Learning Loops of the Team

After introducing the public hearing agenda, the Council members started to argue and debate in searching for understanding to one another and the public who was brought the agenda. The Mayor promoted them to more actively engage in discussions toward goals that meet the needs of the community. Council members kept asking and answering one another in a respectful manner. They brought a range of perspectives from in-depth knowledge about their organization and operation. When all debate and discussion is completed, decisions were made regarding the issue.
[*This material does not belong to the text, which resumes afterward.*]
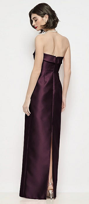 Strapless Cuff Neck Satin Maxi Dress with Column Skirt in deep plum
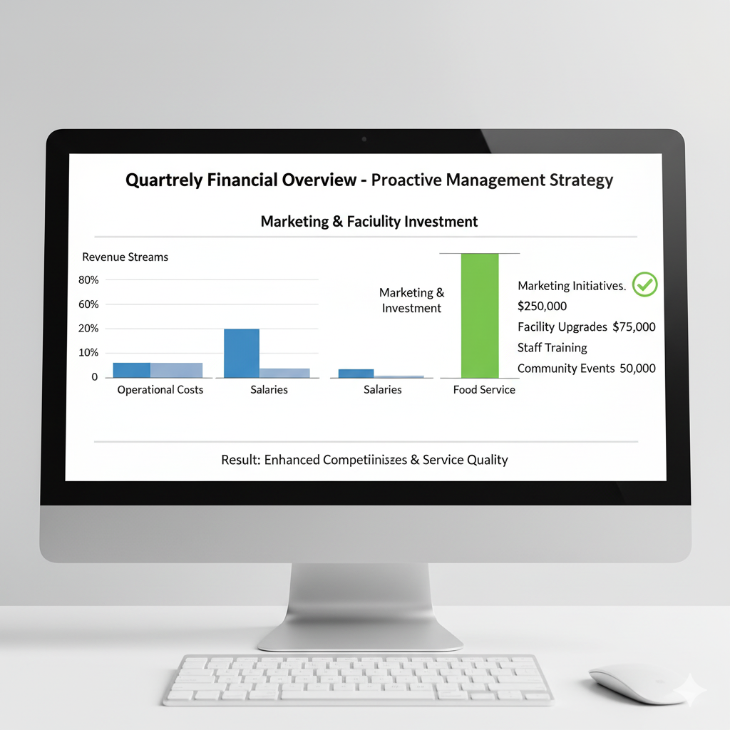 • 문제: 재정 악화를 겪는 실버타운시설 유지보수에 대한 투자를 줄이게 됩니다. 냉난방 설비 교체, 건물 외벽 보수, 커뮤니티 장비 업그레이드 등이 지연되면서 시설이 급격히 노후화됩니다.

In the context of the meeting, the entire Council members engaged in double-loop learning that individual team members were able to ask critical questions of others, and the exchange of ideas and experiences in the interest of enhancing the collective pool of knowledge (Argyris, 1991).

Leaders’ Service Behavior

The Mayor motivated the Council member to debate and argued throughout the meeting. The Mayor’s leadership was recognized as the basis for guidance rather the control. He put more effort into creating a climate where the facts of the current reality area found during the meeting. When they start with honest and diligent efforts to determine the truth of their situation, the right decisions will become self-evident (Collins, 2001). The Collins (2001) found that creating a climate where the truth is heard involves four basic practices, including lead with questions, not answers; engage in dialogue and the debate, not coercion; conduct autopsies, without blame; and build red flag mechanisms that turn information into information that cannot be ignored. Senge (1990) pointed out that in team learning, the discussion is crucial because different views are presented, defended, and provided a useful analysis of the whole situation. In my perspectives during the two consecutive meetings, the Mayor was actively involved in monitoring and adjusting issues through motivating the council member to learn shared vision.

Innovation of Leadership

The prevailing leadership style in the organization is traditional style, who set the direction, make the key decisions, and energize the troops, and are deeply rooted in an individualistic and non-systemic worldview (Senge, 1990). The Mayor, I observed, was a new view of leadership, guided and coordinated the Council member that can deal productively with the issues they face and develop double-loop learning environments. Senge (1990) viewed that innovative leaders are responsible for building an organization where people continually expand their capabilities to understand the shared vision. At this level leaders, they do not provide the answer but instill confidence in team members to learn whatever they need to learn in order to achieve the results they truly desire (Senge, 1990; and Collins, 2001).

The Mayor promoted constructive interaction is needed for effective performance. By the guidance of Mayor, the vigorous dialogue and debate infused with the brutal facts and guided by questions formed by cycles. Collins (2001) argued that to go from good to great requires a deep understanding of the useful mechanism for moving the process, which comes the idea from the Council. “Ask the questions, engage in vigorous debate, make decisions, autopsy the results, and learn—all guided within the context of the three cycles (Collins, 2001, p. 115).” Leaders who many of whom rose to the top “because of their decision making and problem-solving skills in mentoring, coaching, and helping others learn (Senge, 1990, p. 345).”

References

  1. Argyris, C. (1991). Teaching Smart People how to Learn. On Managing People (pp133-145) Boston MA, Harvard Business Review
  2. Collins, J. C. (2001). Good to Great. New York, NY: Harper Collins Publishers.
  3. Senge, P. M. (1990). The fifth discipline: the art and practice for the learning organization. New York, Ny: Doubleday/Currency.